Postanowił ich zawstydzić.
Wziął swoją wnuczkę Amelkę, wtedy trzyletnią i jej ojca, swojego zięcia Mariusza, ponad 90 kg wagi.
Zięciowi kazał leżeć na podłodze jak nieprzytomny. - Nie pomagał Amelce - zapewnia nas pan Robert.
Wnuczce pokazał wcześniej pozycję boczną - w sumie trzy razy.
I do dzieła! Włączył kamerę.
Każdy może zobaczyć, jak sobie z dużym tatą w minutę poradziła.
- Już! - krzyczy na filmie. - Jeszcze coś - podpowiada dziadek zza kamery. - Ojej, gowa - przypomina sobie zaraz dziewczynka i odchyla głowę ojca.
Dzieci jeszcze nie boją się pomagać
Teraz, po roku od nagrania film przypomina w mediach społecznościowych Zagłębiowskie Wodne Ochotnicze Pogotowie Ratunkowe, opatrując komentarzem: - Dla wszystkich, którzy twierdzą, że się nie da, "bo za ciężki". Trzylatka uczy się, bawiąc. Brawa dla rodziców - może warto udostępnić innym rodzicom.

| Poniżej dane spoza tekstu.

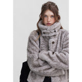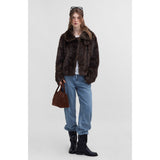 ふわりとした毛並みが贅沢な存在感を放つ、フェイクファージャケット。肩から裾までたっぷりとしたボリュームがありながらも、ウエスト丈で軽やかにまとまったシルエットが特徴的。フロントはシンプルなボタン留めで、カジュアルなデニムにも馴染むバランスの良さがあり、袖口までふんわりとした毛並みが続くことで全体にリュクスなムードを漂わせます。

- Jesteśmy przerażeni postawą ludzi, którzy przechodzą obojętnie obok wołających o ratunek. Znieczulica albo brak świadomości. To kawał chłopa, mówią. A palcami daliby radę. Skoro nawet takie dziecko potrafi - podkreśla Sławomir Dębski z zagłębiowskiego WOPR.
Obaj - Dębski i Pogorzelski - doskonale wiedzą, że udzielanie pierwszej pomocy jest dziecinnie łatwe. Prowadzą zajęcia dla przedszkolaków.
- Bo czym skorupka za młodu nasiąknie - argumentuje ratownik z Łodzi.
- Bo wnuki często przebywają z dziadkami, a wielokrotnie już udowodniły, że potrafią wykręcić numer ratunkowy, wezwać pomoc, więc dlaczego nie iść z nauką dalej - dodaje ratownik z Zagłębia.
Pogorzelski zaznacza: - Dzieci jeszcze się nie boją pomagać, mają więcej spokoju niż dorośli, potrafią się skoncentrować.